Kylie Fitzpatrick has Masters and Doctoral degrees in Creative Writing and has lectured for nine years on the world-leading Creative Writing program at Bath Spa University. She has worked in script development for the BBC, Australian Broadcasting Commission and Beyond Productions, in Europe, the U.S. and Australia. Kylie is passionate about supporting emerging voices and has worked with published and unpublished authors across genres, literary and mainstream: YA; historical; genre fiction, non-fiction and memoir. Her four historical novels are published in eleven languages. Her books are: TapestryThe Secret of the Ninth StoneThe Silver ThreadWomen of the Round Table. You can find out more about Kylie here.

​“It’s a lucky writer who falls into the hands of Kylie Fitzpatrick. Astute, capable, experienced and with a fantastic intuition for drawing out the soul of a manuscript, Kylie is able – with great gentleness – to guide you in the right direction.”

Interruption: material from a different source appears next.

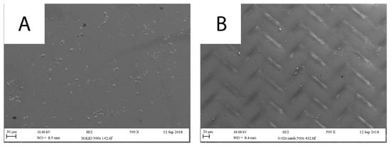 Examples of scanning electron microscopy (SEM) images of titania coatings: (A) non-patterned coating (Sample TiO2); (B) micro-patterned coating deposited through mesh with aperture 0.026 mm (Sample TiO2-M26).

“Kylie is an extremely wise and encouraging mentor. She brings her considerable experience of writing and the publishing world to her feedback, which is subtle and sure-footed, but always sensitively delivered. She’s exactly the person you want on your team.”

Stephanie Carty

Stephanie Carty is a writer, NHS Consultant Clinical Psychologist and trainer in Gloucestershire, UK. Her short fiction is widely published. She has been shortlisted for many competitions including the Bristol Short Story Prize, Aesthetica Creative Writing Award and Bridport Prize and won prizes in competitions including Bath Flash Fiction Award and Bath Short Story Award. She has judged flash fiction and Novella-in-Flash competitions. She has taught face-to-face classes and online courses to writers for the last four years and has a post-graduate qualification in higher and professional education. Her novella-in-flash Three Sisters of Stone won Best Novella in the Saboteur Awards. Her writers’ craft book Inside Fictional Minds: Tips from Psychology for Creating Characters was published in 2021. Her short fiction collection The Peculiarities of Yearning will be published in Spring 2022. Find out more on her website.

 

Tom Conaghan

Tom Conaghan is the founder and publisher at Scratch Books. He is also editor at Lolli Editions, commissioning editor at The Word Factory, fiction editor at Bandit Fiction Literary Journal as well as editor at a boutique West London Literary Agency.

He is an experienced editor of a variety of work: from short stories, to experimental and genre-breaking literary fiction, through to a range of commercial projects. In his publishing of the Reverse Engineering anthologies, he shares his passion for the inspiration and dedication behind the best recent fiction.